• **RECORDS SHOWN**
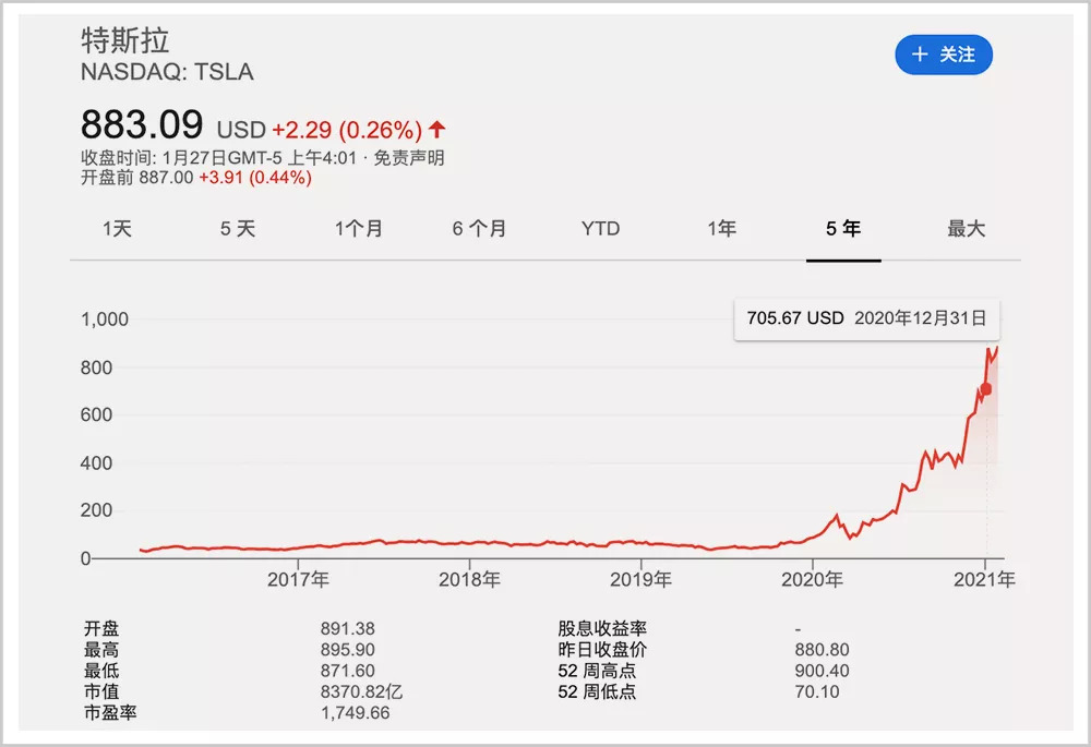 过去一年,特斯拉股价上涨了8倍,市值也从不到1000亿美元冲至8000多亿美元,成为全球历史上市值最高的汽车企业,且远超排在第二位的传统汽车大厂丰田。如果把时间拉长至10年,特斯拉从上市至今股价翻了60倍,超过苹果、亚马逊等任何一家科技大公司的涨幅。
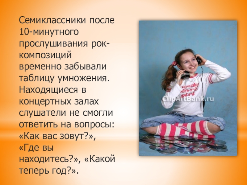 Слайд 12Семиклассники после 10-минутного прослушивания рок-композиций временно забывали таблицу умножения. Находящиеся в
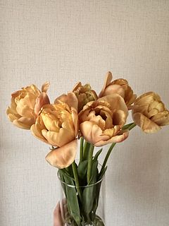 お花屋さんで見た時、高額だったので 買うのを戸惑ったんですがやっぱり欲しかったと 思ってたらフラワーさんで見つけて、即買いしました。何とも言えないセピア色の素敵なチューリップです。
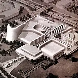 Futurama was an exhibit and ride at the 1939 New York World's Fair designed by Norman Bel Geddes, which presented a possible model of the world 20 years into the future (1959–1960). The installation was sponsored by the General Motors Corporation and was characterized by automated highways and vast suburbs.[5]
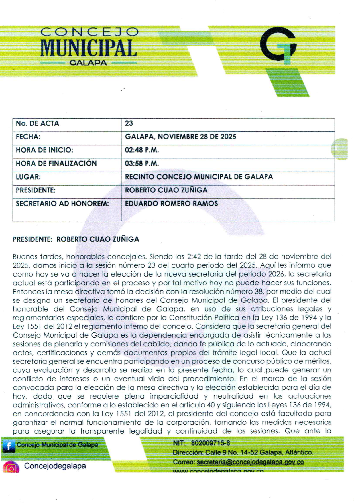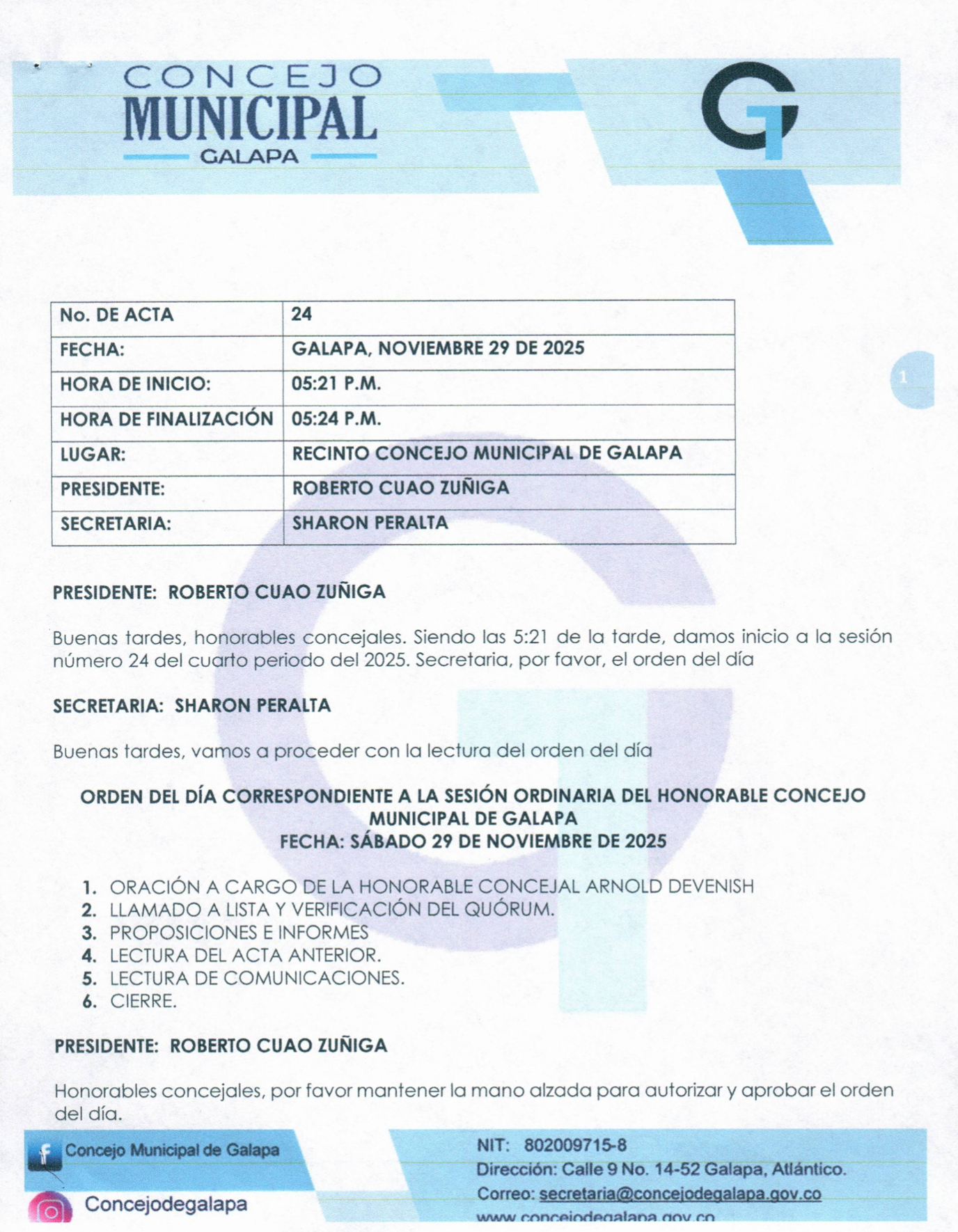 Actas SESION ORDINARIA No. 24 NOVIEMBRE SESION ORDINARIA No. 24 NOVIEMBRE DESCARGAR Leer más » 30 de noviembre de 2025

• **YOUR ASSIGNMENT**
Each line above should be returned exactly as written, apart from any pictures.

• **FINISHED TASK**
 过去一年,特斯拉股价上涨了8倍,市值也从不到1000亿美元冲至8000多亿美元,成为全球历史上市值最高的汽车企业,且远超排在第二位的传统汽车大厂丰田。如果把时间拉长至10年,特斯拉从上市至今股价翻了60倍,超过苹果、亚马逊等任何一家科技大公司的涨幅。
 Слайд 12Семиклассники после 10-минутного прослушивания рок-композиций временно забывали таблицу умножения. Находящиеся в
 お花屋さんで見た時、高額だったので 買うのを戸惑ったんですがやっぱり欲しかったと 思ってたらフラワーさんで見つけて、即買いしました。何とも言えないセピア色の素敵なチューリップです。
 Futurama was an exhibit and ride at the 1939 New York World's Fair designed by Norman Bel Geddes, which presented a possible model of the world 20 years into the future (1959–1960). The installation was sponsored by the General Motors Corporation and was characterized by automated highways and vast suburbs.[5]
 Actas SESION ORDINARIA No. 24 NOVIEMBRE SESION ORDINARIA No. 24 NOVIEMBRE DESCARGAR Leer más » 30 de noviembre de 2025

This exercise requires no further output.